Israël s’est trouvé dans l’obligation d’opter pour une méthode que l’on pourrait comparer à celle de la tortue : assurer sa sécurité en s’enfermant entièrement derrière une barrière théoriquement étanche tout au long de ses frontières. Certes, une partie de cette initiative est dores et déjà chose faite, puisque sur trois fronts – sud, nord et ouest – il existent des barrières dotées de contrôle électronique, censé découvrir tout mouvement suspect, voire tentatives d’infiltration. Ainsi, le long des frontières avec l’Egypte, le Liban et la Syrie puis la bande de Gaza, des barrières avaient été érigées antérieurement.
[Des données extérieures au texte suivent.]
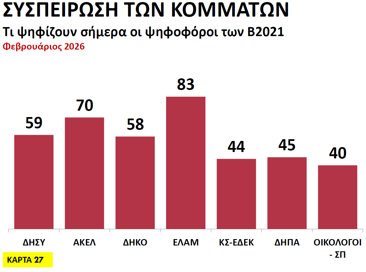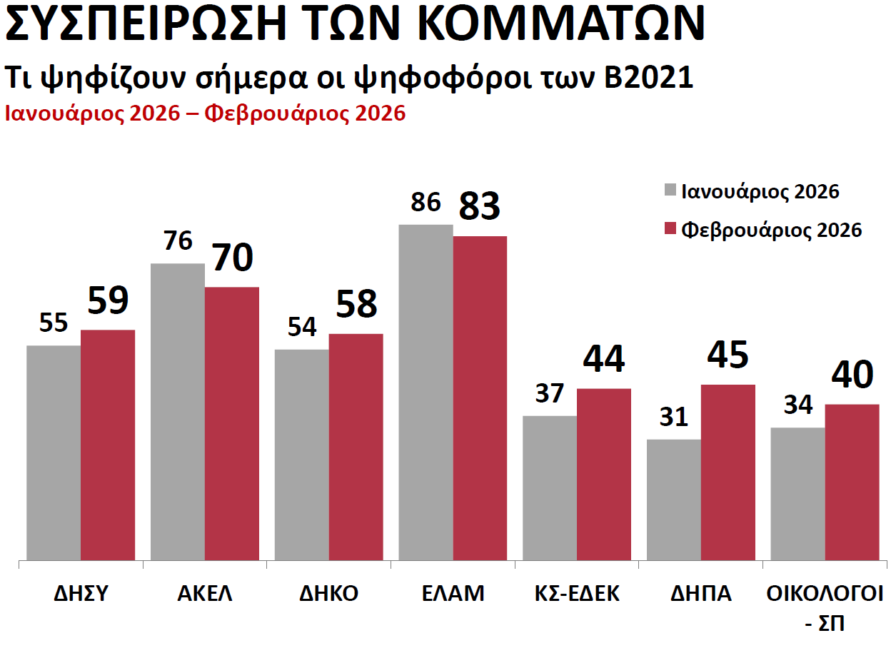 Αντίθετα, χαμηλότερα επίπεδα συσπείρωσης καταγράφονται σε μικρότερα κόμματα, γεγονός που υποδηλώνει μεγαλύτερη κινητικότητα ψηφοφόρων.

Mais la menace provenant de tunnels d’attaque perpétuellement creuses au départ de la bande de Gaza avait éveillé à nouveau le souci d’éviter cette éventualité. Aussi, un chantier énorme, coûteux et sophistiqué est en train d’être réalisé tout au long de la frontière avec la bande de Gaza. Il s’agit de véritables murs en béton plongés profondément dans le sol, et équipés de sondes capables de détecter tous travaux de creusement.

Ces tunnels du Hamas constituent de véritables édifices, moyennant de gros investissements financiers et humains. Pour avoir une idée : mille ouvriers en moyenne achèvent 50 mètres en une semaine, moyennant un paiement mensuel de 100 dollars par ouvrier.
Quelques détails : Chaque tunnel est haut de deux mètres, large de 1.5 mètre, profond de 25 mètres.

Pourtant, certains accidents mystérieux, ayant détruit ou saboté des tunnels et causé la mort de plusieurs ouvriers, éveillent des suppositions et devinettes sur leur origine. Essayant de savoir si Tsahal en est responsable en utilisant des moyens sophistiqués, j’ai reçu une réponse évasive et ambigüe : « Vous êtes en droit de tout supposer », donc ni confirmation ni démenti.

Il existe un précédent le long de la frontière est du pays, longeant le territoire jordanien. C’est une idée quelque peu controversée en raison de la paix existant entre les deux pays. Or, ce n’est guère la Jordanie qui préoccupe Tsahal mais plutôt l’éventualité d’un renversement de pouvoir à la Royauté par des éléments djihadistes fanatiques du genre Hamas. Autre possibilité que Tsahal veut éviter sont les tentatives d’infiltration de terroristes traversant le Jourdan ou la longue vallée au sud du pays, entre la Mer Morte et le golfe d’Eilat.

Ce projet a bien progressé, mais le tracé complet s’étale sur environ 300 kilomètres, nécessitant un gros budget. Le Premier ministre Nethanyahu estime que cet effort financier est justifié car, selon lui, « nous serons protégés de part et d’autre ».
« Pas évident » affirment certains experts militaires. Selon eux une offensive militaire exigerait de toute façon une intervention de Tsahal, tandis que des infiltrations seraient toujours envisageables.

D’autre part, il existe une autre préoccupation non pas d’ordre militaire mais plutôt humanitaire : le risque de voir des foules de civils tenter de traverser par tous les moyens les barrages, afin d’investir le territoire israélien en provenance surtout de la zone de Gaza. Or, ce scénario, en effet, a été réalisé pendant plusieurs semaines au cours des derniers mois, forcant les soldats israéliens à ouvrir le feu, faisant de nombreux victimes civiles.

Une tentative semblable s’est produite il y a quelques années sur le Golan, lorsque plusieurs centaines de civils ont atteint la barrière entre les deux pays…

Les rétracteurs soulignent qu’en tout état de cause, Israël connaît une vague d’attentats perpétrés par des terroristes de l’intérieur, et qu’aux attentats aux couteaux et voitures-bélier commencent s’ajouter l’utilisation d’armes à feu. A quoi bon donc de s’enfermer entre barrières extérieures ? Affirment-ils.

Mais la réticence est également par principe et d’ordre idéologique. « Israël est suffisamment fort pour se fier à la dissuasion et ne pas ressembler à la Corée du nord » prétendent-ils.

D’autant plus qu’aucune barrière n’est faite pour éviter les attaques par missiles, en provenance tant de Gaza que du Liban, bien que jusqu’à preuve du contraire la défense contre missiles a fait ses preuves. Ceci dit, on est conscient en Israël que le Hezbollah au Liban possède des dizaines de milliers de missiles, dont très perfectionnés. Ceci constitue la grande préoccupation au cas d’une nouvelle guerre sur le front Nord.